A subset of negative-class proteins predicted to be disease-related
| Conf. Score | OS | DORIF | OMIM | Suspected Disease Relationship |
|---|---|---|---|---|
| 6.24096 | CDH5 | - | - | Melanoma, tumor metastasis |
| 5.8186 | PTCH1 | - | 109400, 605462, 610828 | Basal Cell Nevus Syndrome, Basal Cell Carcinoma |
| 5.19721 | STAMBPL1 | - | - | Very light evidence, Alzheimer's |
| 5.14813 | MDH2 | - | - | Very light evidence, tumor development |
| 1.09972 | DPP4 | - | - | Diabetes (17 PMIDs), colon cancer (3 PMIDs) |
| 1.09972 | GRK5 | - | - | Very light evidence, heart failure |
| 0.907016 | GZMB | - | - | Lymphoma (30 PMIDs), tumors (92 PMIDs) |
| 0.898631 | TCF4 | - | 610954 | Pitt-Hopkins Syndrome, various cancer (light evidence) |
| 0.705929 | FGR | - | - | Breast cancer (3 PMIDs), prostate cancer (1 PMID) |
| 0.705929 | FLT1 | - | - | Cancer, various |
| 0.705929 | PECAM1 | - | - | Cancer, various |
| 0.705929 | SREBF2 | - | - | Prostate cancer (2 PMIDs) |
| 0.705929 | STAT6 | - | - | Prostate cancer (3 PMIDs) |
| 0.705929 | TOP1 | - | - | Leukemia, colon and ovarian cancer |
| 0.664823 | CD74 | - | - | Very light evidence, lymphoma |
A subset of 15 proteins belonging to the non-disease-related class (lacking DORIF annotation) but predicted to be disease-related, sorted by the ADTree-assigned confidence score. Two proteins (PTCH1 and TCF4) have associated OMIM disorders. 9/15 proteins (CDH5, DPP4, GZMB, FGR, FLT1, PECAM1, SREBF2, STAT6, and TOP1) have moderate to strong evidence of disease association, while 4/15 (STAMBPL1, MDH2, GRK5, and CD74) have light evidence linking them to disease. (n PMIDs) indicates the number of PubMed IDs connecting a protein to a particular disease. 'Conf. Score' is the confidence score assigned by the ADTree classifier, 'OS' is the official symbol of the gene, 'DORIF' is Disease Ontology + Gene Reference Into Function, 'OMIM' is the MIM number associated with the gene, 'light evidence' is defined as having a predicted disease association according to the MalaCards database [48]. Disease information for this table was acquired from the GeneCards database [49].

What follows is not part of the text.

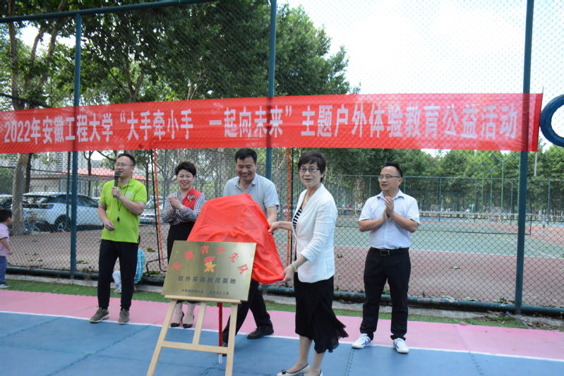 6月11日上午,“安徽省少先队校外实践教育基地”在学校水杉营地正式揭牌,校党委书副书记苏国红,校工会副主席张寅红、校团委书记郭广春、体育学院院长胡好、体育学院体验产业学院执行院长薛保红等参加揭牌仪式。
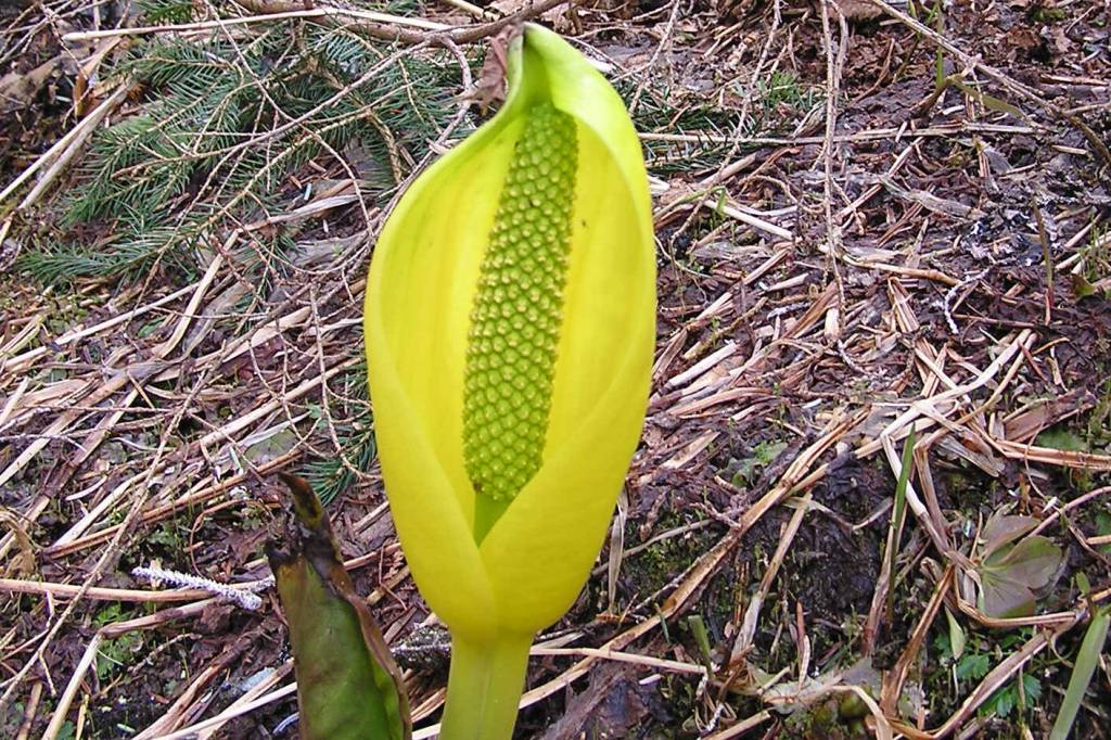 One of my favorite things in spring is watching the skunk cabbage plants. First, the little green spears emerge from the shallow waters, but I impatiently await the cheery, brilliant yellow spathes that announce the flowers of ‘swamp lanterns’. The hood-like yellow spathe (if not nipped off by frost or deer) surrounds the spike (or spadix) of densely packed flowers. Each of those flowers is female first—with pointy little stigmas sticking out for potential pollen reception. But the earliest plants to bloom, being all female, have no source of pollen, unless they can somehow pollinate themselves, as the flowers mature into the male phase. Eventually, all the flowers become male, producing yellow pollen. Now we begin to see insects hiding down deep in the spathe, sometimes tiny flies and dozens of black beetles. The beetles are thought to be pollinators, crawling over the male flowers, eating pollen and getting it all over their bodies, then carrying the pollen to later-blooming individuals, still in female phase. We never see as many beetles hiding in spathes around female-phase flowers as in spathes with male-phase flowers. And female-phase individuals often have no beetles at all, so it seems that beetle visits to females are intermittent, and I suspect that females send out air-borne messages that attract the beetles just when the time is right for pollination.

Figure 3The five most common diseases associated with the first-order neighbors of DPP4. The five most common diseases associated with the first-order neighbors of DPP4 (those proteins with a direct interaction). DPP4 has 55 PubMed IDs that associate it with non-insulin-dependent diabetes mellitus (NIDDM). Interestingly, NIDDM is often accompanied by beta cell autoimmunity, where the beta cells of the pancreas are destroyed by an autoimmune disorder [50].
Figure 4The five most common diseases associated with the second-order neighbors of FGR. The five most common diseases associated with the second-order neighbors (i.e., neighbors of neighbors) of FGR. There are three PMIDs associating this gene with breast cancer and one PMID linking it to prostate cancer.
Figure 5The network neighborhood of the transcription factor TCF4. A subset of proteins from the PPI-disease data set highlighting the relationship between breast cancer-related genes and the transcription factor TCF4, one of 15 proteins in our set of high-confidence false positive predictions (Table 1). Proteins are colored according to modularity class (four modules were identified). Proteins are labeled with the gene's official symbol with a '- 1' afterwards to indicate breast cancer association and a '- 0' to indicate no association. The TCF4 node has been made larger for identification purposes.